I don't think this is the right fix.  This makes it racy because the
link may go down after we call advk_pcie_valid_device() but before we
perform the config read.

I have no objection to removing the "config read/write timed out"
message.  The "return PCIBIOS_SET_FAILED" in the read case probably
should be augmented by setting "*val = 0xffffffff".

>  	return true;
>  }
>  
> -- 
> 2.20.1
>
Pali Rohár May 28, 2020, 4:38 p.m. UTC | #2
On Thursday 28 May 2020 11:26:04 Bjorn Helgaas wrote:
> On Thu, May 28, 2020 at 04:31:41PM +0200, Pali Rohár wrote:
> > When there is no PCIe card connected and advk_pcie_rd_conf() or
> > advk_pcie_wr_conf() is called for PCI bus which doesn't belong to emulated
> > root bridge, the aardvark driver throws the following error message:
> > 
> >   advk-pcie d0070000.pcie: config read/write timed out
> > 
> > Obviously accessing PCIe registers of disconnected card is not possible.
> > 
> > Extend check in advk_pcie_valid_device() function for validating
> > availability of PCIe bus. If PCIe link is down, then the device is marked
> > as Not Found and the driver does not try to access these registers.
> > 
> > Signed-off-by: Pali Rohár <pali@kernel.org>
> > ---
> >  drivers/pci/controller/pci-aardvark.c | 3 +++
> >  1 file changed, 3 insertions(+)
> > 
> > diff --git a/drivers/pci/controller/pci-aardvark.c b/drivers/pci/controller/pci-aardvark.c
> > index 90ff291c24f0..53a4cfd7d377 100644
> > --- a/drivers/pci/controller/pci-aardvark.c
> > +++ b/drivers/pci/controller/pci-aardvark.c
> > @@ -644,6 +644,9 @@ static bool advk_pcie_valid_device(struct advk_pcie *pcie, struct pci_bus *bus,
> >  	if ((bus->number == pcie->root_bus_nr) && PCI_SLOT(devfn) != 0)
> >  		return false;
> >  
> > +	if (bus->number != pcie->root_bus_nr && !advk_pcie_link_up(pcie))
> > +		return false;
> 
> I don't think this is the right fix.  This makes it racy because the
> link may go down after we call advk_pcie_valid_device() but before we
> perform the config read.

Yes, it is racy, but I do not think it cause problems. Trying to read
PCIe registers when device is not connected cause just those timeouts,
printing error message and increased delay in advk_pcie_wait_pio() due
to polling loop. This patch reduce unnecessary access to PCIe registers
when advk_pcie_wait_pio() polling just fail.

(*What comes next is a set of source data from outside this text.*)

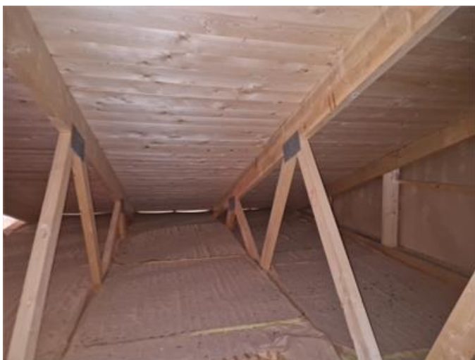
Vind är i övrigt fin.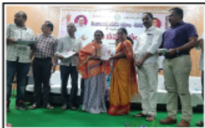
తెలంగాణ రాష్ట్ర అనంతరణ దినోత్సవం నాడు రోజూశర్మ గారి చేతుల మీదుగా సన్మానం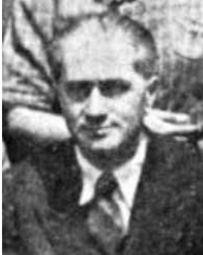
Filderman la ghetoul Moghilev din Transnistria în 1942

În 1931, având la bază organizații ale evreilor din Transilvania, Basarabia și Vechiul Regat, grupate în Clubul Parlamentar Evreiesc , s-a constituit Partidul Evreiesc din România care avea drept principii fundamentale: solidaritatea cu națiunea română, apărarea drepturilor civile și politice prevăzute de Constituție și asigurarea deplinei egalități civice pentru cetățenii de origine evreiască. Partidul Evreiesc din România s-a aliat în alegeri cu Partidul Național-Țărănesc . Partidul Evreiesc din România se diferenția de Uniunea Evreilor Români , printr-o politică înclinată spre sionism.

I think it is a good idea to not call blocking advk_pcie_wait_pio() when
it is not needed. We could have faster enumeration of PCIe buses when
card is not connected.

> I have no objection to removing the "config read/write timed out"
> message.  The "return PCIBIOS_SET_FAILED" in the read case probably
> should be augmented by setting "*val = 0xffffffff".
> 
> >  	return true;
> >  }
> >  
> > -- 
> > 2.20.1
> >
Bjorn Helgaas May 28, 2020, 4:49 p.m. UTC | #3
On Thu, May 28, 2020 at 06:38:09PM +0200, Pali Rohár wrote:
> On Thursday 28 May 2020 11:26:04 Bjorn Helgaas wrote:
> > On Thu, May 28, 2020 at 04:31:41PM +0200, Pali Rohár wrote:
> > > When there is no PCIe card connected and advk_pcie_rd_conf() or
> > > advk_pcie_wr_conf() is called for PCI bus which doesn't belong to emulated
> > > root bridge, the aardvark driver throws the following error message:
> > > 
> > >   advk-pcie d0070000.pcie: config read/write timed out
> > > 
> > > Obviously accessing PCIe registers of disconnected card is not possible.
> > > 
> > > Extend check in advk_pcie_valid_device() function for validating
> > > availability of PCIe bus. If PCIe link is down, then the device is marked
> > > as Not Found and the driver does not try to access these registers.
> > > 
> > > Signed-off-by: Pali Rohár <pali@kernel.org>
> > > ---
> > >  drivers/pci/controller/pci-aardvark.c | 3 +++
> > >  1 file changed, 3 insertions(+)
> > > 
> > > diff --git a/drivers/pci/controller/pci-aardvark.c b/drivers/pci/controller/pci-aardvark.c
> > > index 90ff291c24f0..53a4cfd7d377 100644
> > > --- a/drivers/pci/controller/pci-aardvark.c
> > > +++ b/drivers/pci/controller/pci-aardvark.c
> > > @@ -644,6 +644,9 @@ static bool advk_pcie_valid_device(struct advk_pcie *pcie, struct pci_bus *bus,
> > >  	if ((bus->number == pcie->root_bus_nr) && PCI_SLOT(devfn) != 0)
> > >  		return false;
> > >  
> > > +	if (bus->number != pcie->root_bus_nr && !advk_pcie_link_up(pcie))
> > > +		return false;
> > 
> > I don't think this is the right fix.  This makes it racy because the
> > link may go down after we call advk_pcie_valid_device() but before we
> > perform the config read.
> 
> Yes, it is racy, but I do not think it cause problems. Trying to read
> PCIe registers when device is not connected cause just those timeouts,
> printing error message and increased delay in advk_pcie_wait_pio() due
> to polling loop. This patch reduce unnecessary access to PCIe registers
> when advk_pcie_wait_pio() polling just fail.
> 
> I think it is a good idea to not call blocking advk_pcie_wait_pio() when
> it is not needed. We could have faster enumeration of PCIe buses when
> card is not connected.

Maybe advk_pcie_check_pio_status() and advk_pcie_wait_pio() could be
combined so we could get the correct error status as soon as it's
available, without waiting for a timeout?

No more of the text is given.